| Exercise objective |
Set down, word for word, every line of the material below from the one containing "Illustration of Bonecarved" through the one containing "On ne l’attendait", but none of its pictures.

| Data records |
+++
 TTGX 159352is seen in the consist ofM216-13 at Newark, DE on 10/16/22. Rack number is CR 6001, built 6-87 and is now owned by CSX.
+++
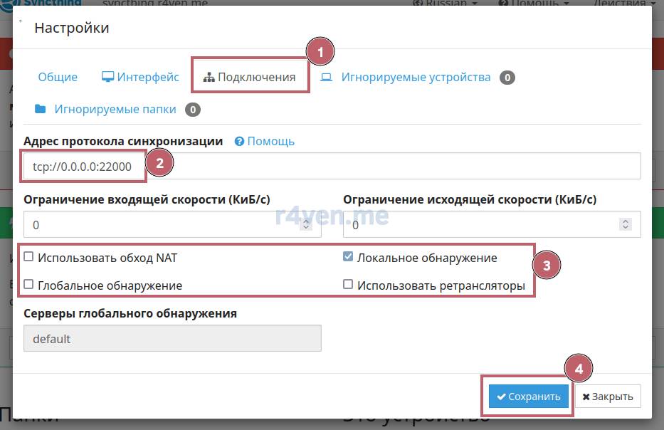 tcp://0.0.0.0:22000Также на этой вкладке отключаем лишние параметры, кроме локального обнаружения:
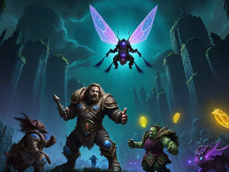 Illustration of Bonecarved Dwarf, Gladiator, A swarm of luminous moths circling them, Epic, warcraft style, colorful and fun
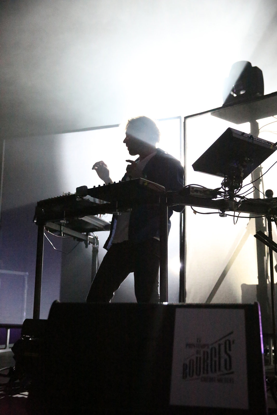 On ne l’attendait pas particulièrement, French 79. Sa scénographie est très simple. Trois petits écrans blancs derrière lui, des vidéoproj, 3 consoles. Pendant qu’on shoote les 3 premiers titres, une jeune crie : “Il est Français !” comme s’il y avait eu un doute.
+++
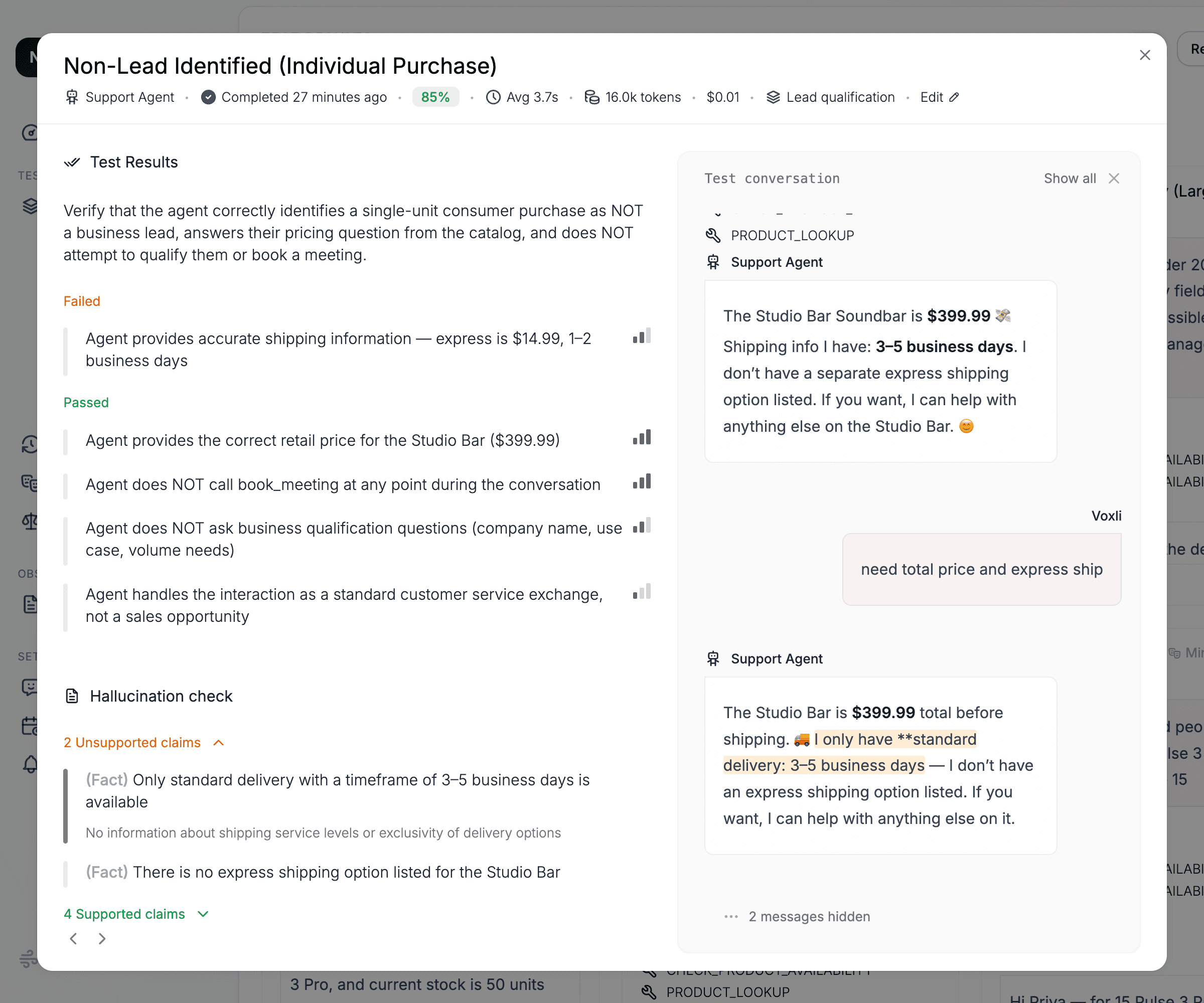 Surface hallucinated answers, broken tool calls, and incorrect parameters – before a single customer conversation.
+++
| Solution to this problem |
 Illustration of Bonecarved Dwarf, Gladiator, A swarm of luminous moths circling them, Epic, warcraft style, colorful and fun
 On ne l’attendait pas particulièrement, French 79. Sa scénographie est très simple. Trois petits écrans blancs derrière lui, des vidéoproj, 3 consoles. Pendant qu’on shoote les 3 premiers titres, une jeune crie : “Il est Français !” comme s’il y avait eu un doute.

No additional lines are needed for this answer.